→ Material for this task
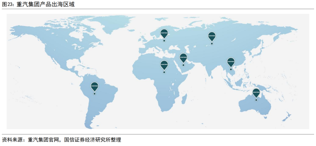 公司出海业务布局早,销售服务网络完善。公司销售服务网络已经覆盖了独联体、澳洲、东南亚、中东、南亚、非洲、美洲、欧洲等区域,产品销售至100多个国家。非洲、东南亚等地区采掘、基建、物流等需求增长,当地过往销售的重卡一定比例来自于欧美厂商的二手产品,公司产品在性能、经济性上都有优势。同时,得益于公司在对外合作过程中,积累的发动机技术积淀和全球认可度,公司产品在澳新、中东等地区也有较大市场,并且正在进军欧洲市场,公司在海外发达地区销售的产品包含汕德卡高端品牌,客单价和潜在利润较高。
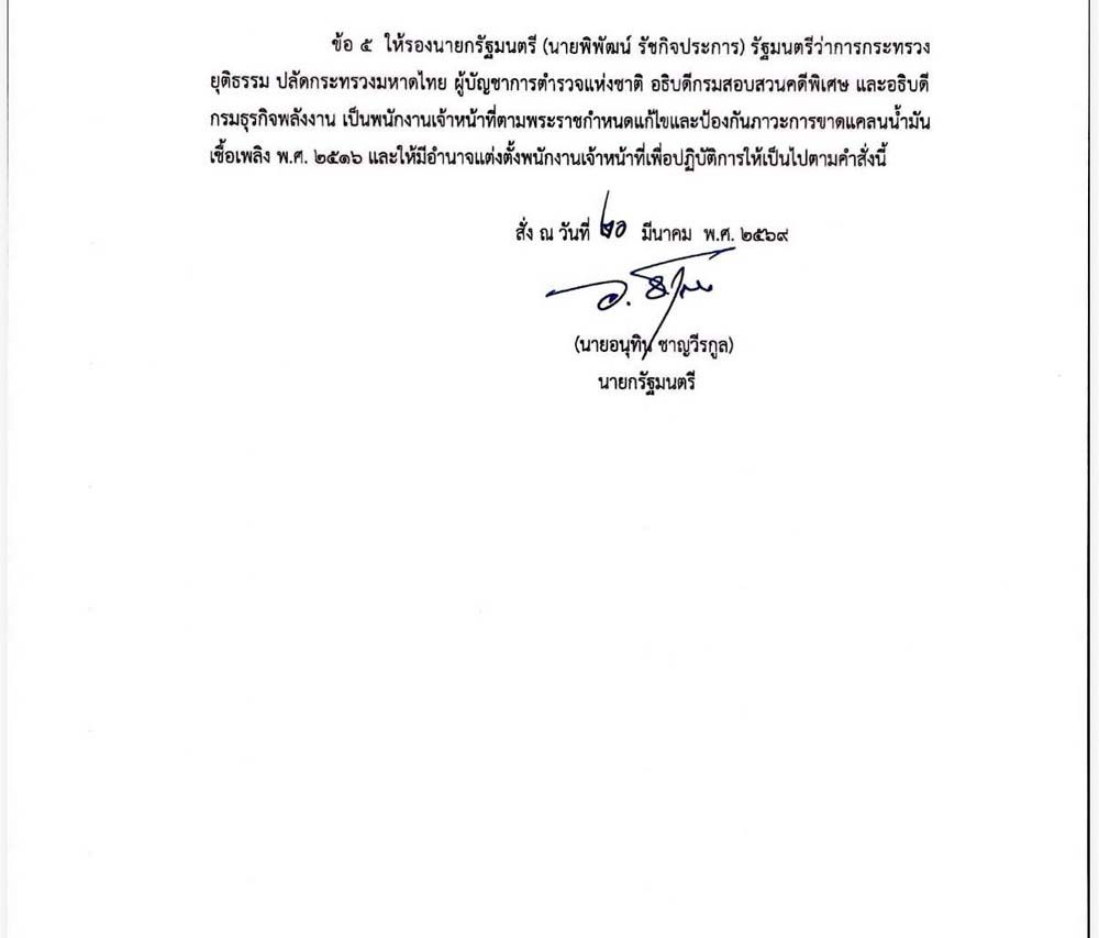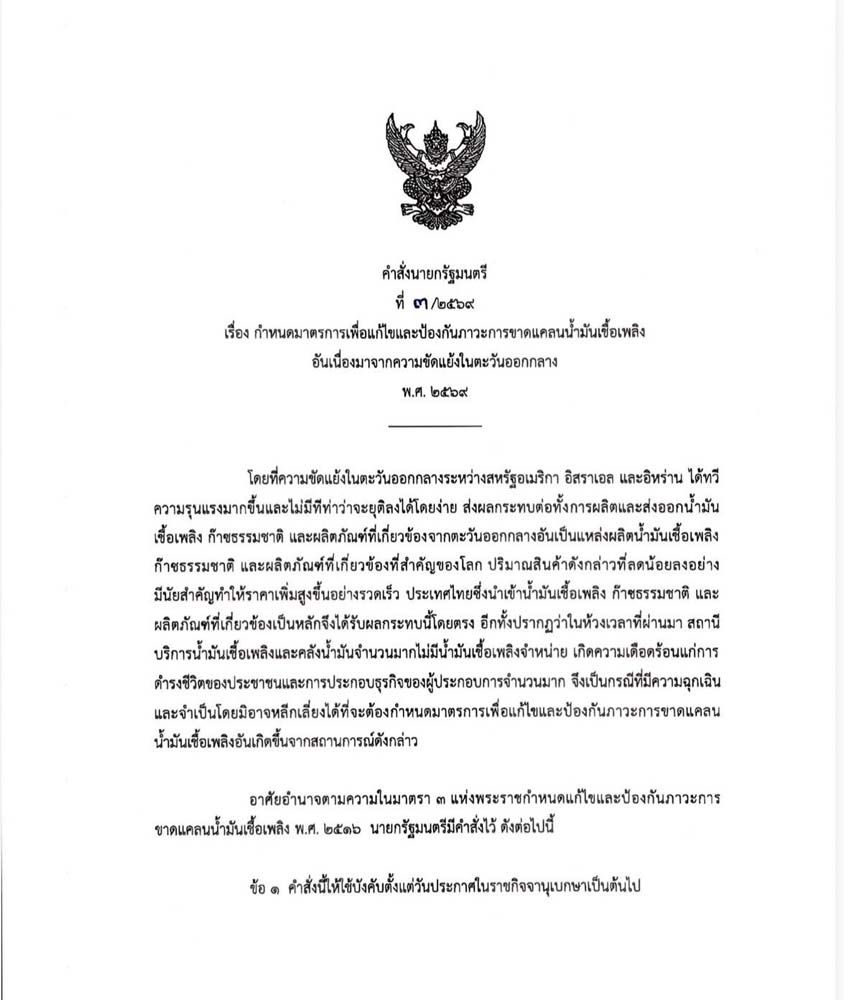 วันที่ 20 มีนาคม 2569 ผู้สื่อข่าวรายงานว่า นายอนุทิน ชาญวีรกูล นายกรัฐมนตรี และรมว.มหาดไทย ลงนามคำสั่งนายกรัฐมนตรี ที่ 3/2569 เรื่อง กำหนดมาตรการเพื่อแก้ไขและป้องกันภาวะการขาดแคลนน้ำมันเชื้อเพลิงอันเนื่องมาจากความขัดแย้งในตะวันออกกลาง พ.ศ.2569 โดยระบุว่าโดยที่ความขัดแย้งในตะวันออกกลางระหว่างสหรัฐอเมริกา อิสราเอล และอิหร่าน ได้ทวีความรุนแรงมากขึ้นและไม่มีทีท่าว่าจะยุติลงได้โดยง่าย ส่งผลกระทบต่อทั้งการผลิตและส่งออกน้ำมันเชื้อเพลิง ก๊าซธรรมชาติ และผลิตภัณฑ์ที่เกี่ยวข้องจากตะวันออกกลางอันเป็นแหล่งผลิตน้ำมันเชื้อเพลิง ก๊าซธรรมชาติ และผลิตภัณฑ์ที่เกี่ยวข้องที่สำคัญของโลก ปริมาณสินค้าดังกล่าวที่ลดน้อยลงอย่าง มีนัยสำคัญทำให้ราคาเพิ่มสูงขึ้นอย่างรวดเร็ว ประเทศไทยซึ่งนำเข้าน้ำมันเชื้อเพลิง ก๊าซธรรมชาติ และผลิตภัณฑ์ที่เกี่ยวข้องเป็นหลักจึงได้รับผลกระทบนี้โดยตรง อีกทั้งปรากฏว่าในห้วงเวลาที่ผ่านมา สถานีบริการน้ำมันเชื้อเพลิงและคลังน้ำมันจำนวนมากไม่มีน้ำมันเชื้อเพลิงจำหน่าย เกิดความเดือดร้อนแก่การดำรงชีวิตของประชาชนและการประกอบธุรกิจของผู้ประกอบการจำนวนมาก จึงเป็นกรณีที่มีความฉุกเฉินและจำเป็นโดยมิอาจหลีกเลี่ยงได้ที่จะต้องกำหนดมาตรการเพื่อแก้ไขและป้องกันภาวะการขาดแคลนน้ำมันเชื้อเพลิง อันเกิดขึ้นจากสถานการณ์ดังกล่าว อาศัยอำนาจตามความในมาตรา 3 แห่งพระราชกำหนดแก้ไขและป้องกันภาวะการขาดแคลนน้ำมันเชื้อเพลิง พ.ศ. 2516 นายกรัฐมนตรีมีคำสั่งไว้ ดังต่อไปนี้
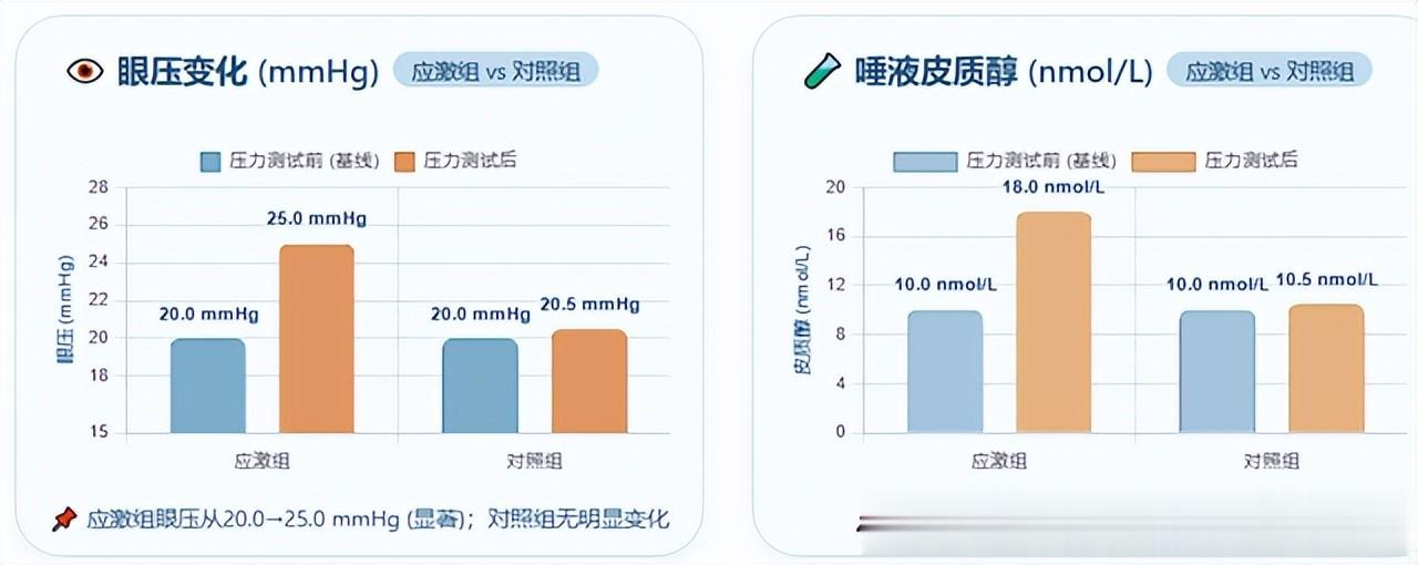 比如,2024年发表在《眼科与青光眼》杂志的一项随机对照试验《心理应激与青光眼患者眼压变化》也从数据上证明了压力对眼压的影响。研究中有39名原发性开角型青光眼患者被分为“应激组”和“对照组”,在经过标准化心理压力测试后,应激组受试者的唾液皮质醇水平显著升高,同时眼压在压力刺激后有明显上升趋势,而对照组变化不明显。
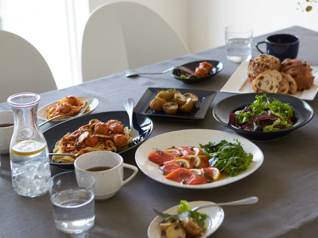 What’s special about Miyama Cadre Dinnerware Set is its unique reactive glaze. Available in white and deep indigo blue color. The natural occurring of unexpected patterns during high firing process adds richness to the plain color and brings warmth and diverse texture expression to the porcelain material. You can easily create the relaxing cafe vibe back at home with this dinnerware set.
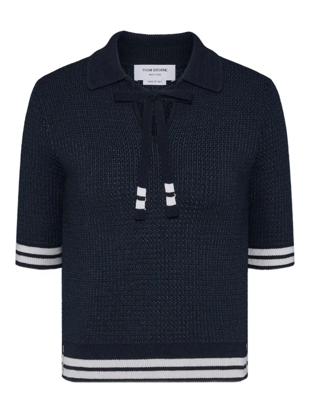 600068974NVY040 / AW25-FKP128B-Y4007/00/415 - Silk, cashmere and wool blend construction - Tuck stitch knit technique - Classic polo collar with button placket - Short sleeves with striped cuff detail - Signature white stripe trim - Ribbed hem with contrast stripes - Regular fit Thom Browne Tuck Stitch Silk Cashmere Wool Polo delivers sophisticated luxury with refined athletic elegance. Crafted from a premium blend of silk, cashmere, and wool in navy with signature white stripe detailing, featuring the brand's signature tuck stitch construction. The classic polo silhouette with ribbed collar and hem showcases Thom Browne's mastery of elevated sportswear.
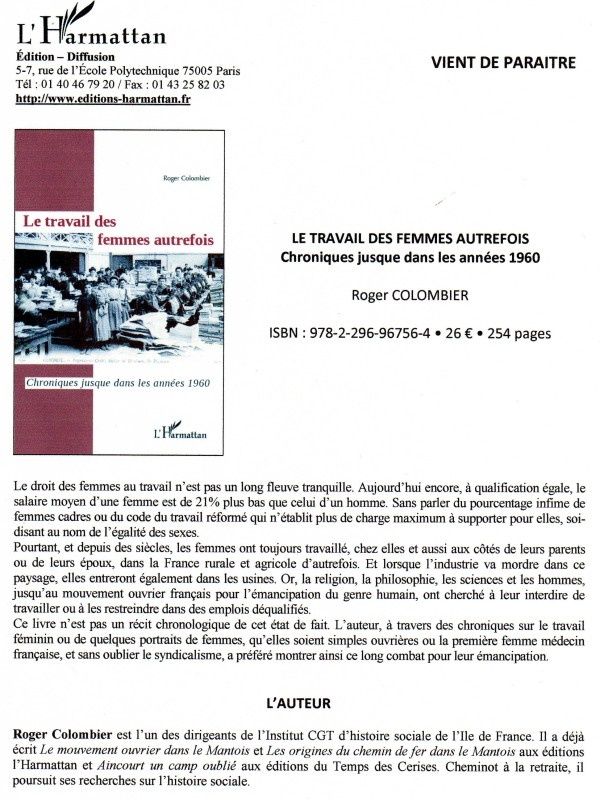 Extraits de mon ouvrage Le travail des femmes autrefois, chez l'Harmattan
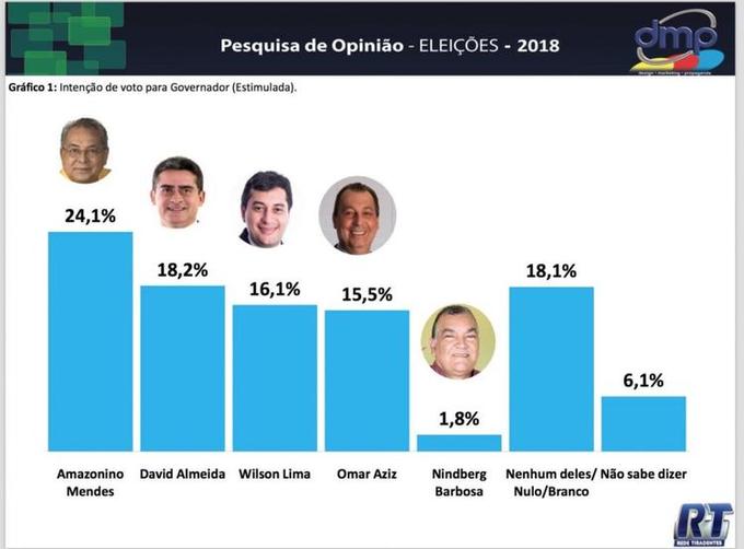 De acordo com a pesquisa da DMP/Tiradentes, que foi registrada no Tribunal Regional Eleitoral do Amazonas, foram entrevistados 1.533 eleitores, entre os dias 23 a 30 de julho.
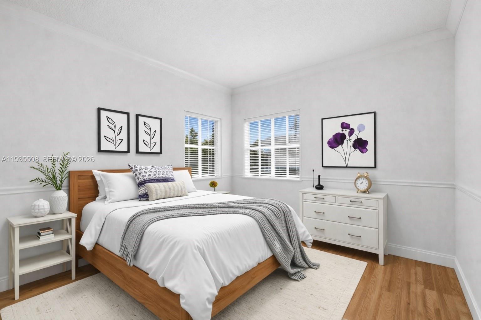 Stunning 5-bedroom, 3-bath lakefront home in desirable Monarch Lakes community of Miramar. This spacious residence features soaring vaulted ceilings and a bright, open floor plan designed for modern living and effortless entertaining. The home showcases a brand-new kitchen with quartz countertops and backsplash, top-of-the-line stainless steel appliances, abundant cabinetry, and a breakfast area that flows seamlessly into the family room. A full bedroom and bathroom on the first floor, complete with new vinyl flooring, offer ideal flexibility for guests, multigenerational living, or a private home office. The main level is finished with ceramic tile flooring, while the second floor offers elegant wood flooring throughout, highlighted by a wood-and-wrought-iron staircase. The oversized primary suite provides space for a sitting area, two walk-in closets, and a spacious ensuite bathroom with dual sinks. Additional upgrades include two A/C units replaced in 2023, a tankless water heater, and fresh interior paint. Enjoy outdoor living with a covered patio and an oversized lot offering serene garden and lake views. The home also includes a 2-car garage, access to a community pool, and a low HOA fee. Ideally located near top-rated schools, I-75, Florida’s Turnpike, shopping, dining, Memorial Hospital West, Broward College South Campus, Miramar Cultural Center & Arts Park, Pembroke Gardens, Miramar Regional Park Amphitheater, and Fort Lauderdale–Hollywood International Airport.

→ Exercise objective
For this task, give the full listing again verbatim and keep out every picture.

→ Answer to the problem
 公司出海业务布局早,销售服务网络完善。公司销售服务网络已经覆盖了独联体、澳洲、东南亚、中东、南亚、非洲、美洲、欧洲等区域,产品销售至100多个国家。非洲、东南亚等地区采掘、基建、物流等需求增长,当地过往销售的重卡一定比例来自于欧美厂商的二手产品,公司产品在性能、经济性上都有优势。同时,得益于公司在对外合作过程中,积累的发动机技术积淀和全球认可度,公司产品在澳新、中东等地区也有较大市场,并且正在进军欧洲市场,公司在海外发达地区销售的产品包含汕德卡高端品牌,客单价和潜在利润较高。
 วันที่ 20 มีนาคม 2569 ผู้สื่อข่าวรายงานว่า นายอนุทิน ชาญวีรกูล นายกรัฐมนตรี และรมว.มหาดไทย ลงนามคำสั่งนายกรัฐมนตรี ที่ 3/2569 เรื่อง กำหนดมาตรการเพื่อแก้ไขและป้องกันภาวะการขาดแคลนน้ำมันเชื้อเพลิงอันเนื่องมาจากความขัดแย้งในตะวันออกกลาง พ.ศ.2569 โดยระบุว่าโดยที่ความขัดแย้งในตะวันออกกลางระหว่างสหรัฐอเมริกา อิสราเอล และอิหร่าน ได้ทวีความรุนแรงมากขึ้นและไม่มีทีท่าว่าจะยุติลงได้โดยง่าย ส่งผลกระทบต่อทั้งการผลิตและส่งออกน้ำมันเชื้อเพลิง ก๊าซธรรมชาติ และผลิตภัณฑ์ที่เกี่ยวข้องจากตะวันออกกลางอันเป็นแหล่งผลิตน้ำมันเชื้อเพลิง ก๊าซธรรมชาติ และผลิตภัณฑ์ที่เกี่ยวข้องที่สำคัญของโลก ปริมาณสินค้าดังกล่าวที่ลดน้อยลงอย่าง มีนัยสำคัญทำให้ราคาเพิ่มสูงขึ้นอย่างรวดเร็ว ประเทศไทยซึ่งนำเข้าน้ำมันเชื้อเพลิง ก๊าซธรรมชาติ และผลิตภัณฑ์ที่เกี่ยวข้องเป็นหลักจึงได้รับผลกระทบนี้โดยตรง อีกทั้งปรากฏว่าในห้วงเวลาที่ผ่านมา สถานีบริการน้ำมันเชื้อเพลิงและคลังน้ำมันจำนวนมากไม่มีน้ำมันเชื้อเพลิงจำหน่าย เกิดความเดือดร้อนแก่การดำรงชีวิตของประชาชนและการประกอบธุรกิจของผู้ประกอบการจำนวนมาก จึงเป็นกรณีที่มีความฉุกเฉินและจำเป็นโดยมิอาจหลีกเลี่ยงได้ที่จะต้องกำหนดมาตรการเพื่อแก้ไขและป้องกันภาวะการขาดแคลนน้ำมันเชื้อเพลิง อันเกิดขึ้นจากสถานการณ์ดังกล่าว อาศัยอำนาจตามความในมาตรา 3 แห่งพระราชกำหนดแก้ไขและป้องกันภาวะการขาดแคลนน้ำมันเชื้อเพลิง พ.ศ. 2516 นายกรัฐมนตรีมีคำสั่งไว้ ดังต่อไปนี้
 比如,2024年发表在《眼科与青光眼》杂志的一项随机对照试验《心理应激与青光眼患者眼压变化》也从数据上证明了压力对眼压的影响。研究中有39名原发性开角型青光眼患者被分为“应激组”和“对照组”,在经过标准化心理压力测试后,应激组受试者的唾液皮质醇水平显著升高,同时眼压在压力刺激后有明显上升趋势,而对照组变化不明显。
 What’s special about Miyama Cadre Dinnerware Set is its unique reactive glaze. Available in white and deep indigo blue color. The natural occurring of unexpected patterns during high firing process adds richness to the plain color and brings warmth and diverse texture expression to the porcelain material. You can easily create the relaxing cafe vibe back at home with this dinnerware set.
 600068974NVY040 / AW25-FKP128B-Y4007/00/415 - Silk, cashmere and wool blend construction - Tuck stitch knit technique - Classic polo collar with button placket - Short sleeves with striped cuff detail - Signature white stripe trim - Ribbed hem with contrast stripes - Regular fit Thom Browne Tuck Stitch Silk Cashmere Wool Polo delivers sophisticated luxury with refined athletic elegance. Crafted from a premium blend of silk, cashmere, and wool in navy with signature white stripe detailing, featuring the brand's signature tuck stitch construction. The classic polo silhouette with ribbed collar and hem showcases Thom Browne's mastery of elevated sportswear.
 Extraits de mon ouvrage Le travail des femmes autrefois, chez l'Harmattan
 De acordo com a pesquisa da DMP/Tiradentes, que foi registrada no Tribunal Regional Eleitoral do Amazonas, foram entrevistados 1.533 eleitores, entre os dias 23 a 30 de julho.
 Stunning 5-bedroom, 3-bath lakefront home in desirable Monarch Lakes community of Miramar. This spacious residence features soaring vaulted ceilings and a bright, open floor plan designed for modern living and effortless entertaining. The home showcases a brand-new kitchen with quartz countertops and backsplash, top-of-the-line stainless steel appliances, abundant cabinetry, and a breakfast area that flows seamlessly into the family room. A full bedroom and bathroom on the first floor, complete with new vinyl flooring, offer ideal flexibility for guests, multigenerational living, or a private home office. The main level is finished with ceramic tile flooring, while the second floor offers elegant wood flooring throughout, highlighted by a wood-and-wrought-iron staircase. The oversized primary suite provides space for a sitting area, two walk-in closets, and a spacious ensuite bathroom with dual sinks. Additional upgrades include two A/C units replaced in 2023, a tankless water heater, and fresh interior paint. Enjoy outdoor living with a covered patio and an oversized lot offering serene garden and lake views. The home also includes a 2-car garage, access to a community pool, and a low HOA fee. Ideally located near top-rated schools, I-75, Florida’s Turnpike, shopping, dining, Memorial Hospital West, Broward College South Campus, Miramar Cultural Center & Arts Park, Pembroke Gardens, Miramar Regional Park Amphitheater, and Fort Lauderdale–Hollywood International Airport.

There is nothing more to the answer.